Лицо его покраснело, глаз дёргался.
 

  — О-ба-на! Ты, чё это, Ёся? Хорош тебе злиться, мы же репетируем. Забыл? — пьяно расхохотался Ельцин. — И, между прочим, говоришь, говоришь, всё обеляешь себя, а мы-то знаем, что ты один, в конце концов, остался. И издох без покаяния, на полу обоссавшись. А я (Ельцин гордо стукнул кулаком в грудь), а я покаялся перед народом, отпет и похоронен по-человечески.

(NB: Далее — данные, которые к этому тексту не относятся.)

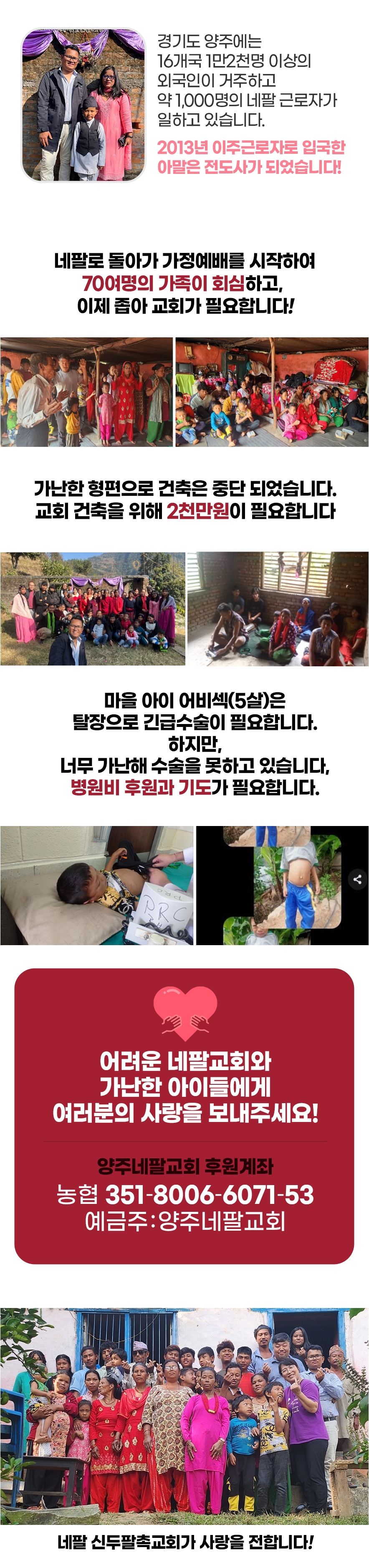양주네팔교회는, 한국에 이주하여 근로하는 네팔인과 이주민을(유학생, 결혼이주자) 선교하는 교회 입니다. 1명의 네팔인이 예수님을 믿고, 진실한 그리스도인이 된다면 네팔에 돌아가 가족, 이웃, 민족에게 복음을 전할 수 있습니다. 양주네팔교회는 네팔 현지교회와 연계하여 네팔로 돌아간 근로자와 가족들, 네팔현지 선교사역들과 꾸준히 방문, 동역하고 있습니다.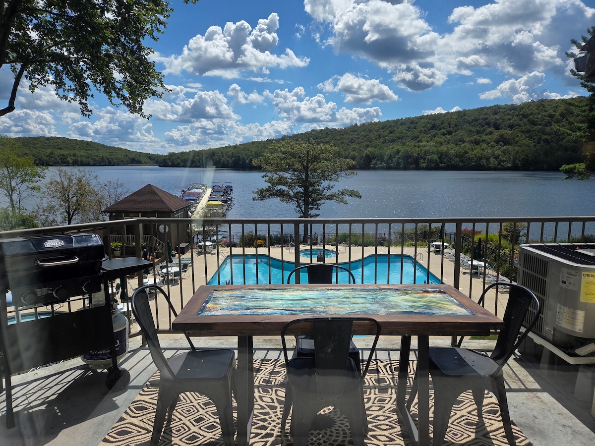 - 1er piso frente al lago en Big Boulder Lake. - Patio privado con fogata. - Piscina comunitaria con jacuzzi. - Dos SUITES PRINCIPALES. - Se aceptan estadías cortas. - Atracciones locales Jim Thorpe Pocono Raceway Parque acuático Split Rock Y más. - Gran golf. Jack Frost National Split Rock - Disfruta de la navegación , la pesca, el senderismo y mucho más. - Recorridos panorámicos y parques locales - Saludos a los restaurantes locales. - Estaciones de carga para vehículos eléctricos en el lugar. - Disfruta de todo lo que Poconos tiene para ofrecerte.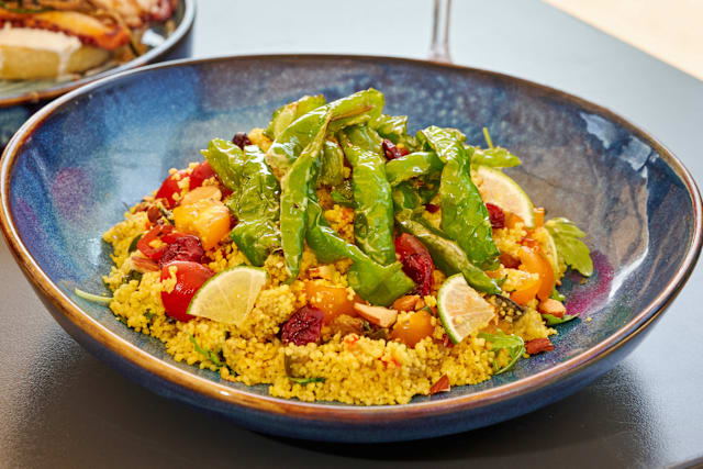 Cous cous con verdure di stagione, rucola, mandorle tostate, uva passa, mirtilli rossi essiccati, menta e lime

  — Кому нужны твои покаяния! Ты умер, оставив народу свою пресловутую потребительскую корзину и свору жадных шакалов мироедов, — гневно воскликнул Сталин. — Вот Горбачёв тут говорил, что время всё расставит по местам. Пока живые будут здесь разбираться в прошедшей истории, мы будем на небесах ответ давать за каждый свой шаг. Вся наша четвёрка там поджариваться будет. Будем мы из говна в смолу кипящую нырять, а на десерт нас будут на крючьях подвешивать и мясо когтями острыми рвать. Только мне иногда перекур будут давать, за то, что я с народом своим мир от бешеного пса Гитлера избавил.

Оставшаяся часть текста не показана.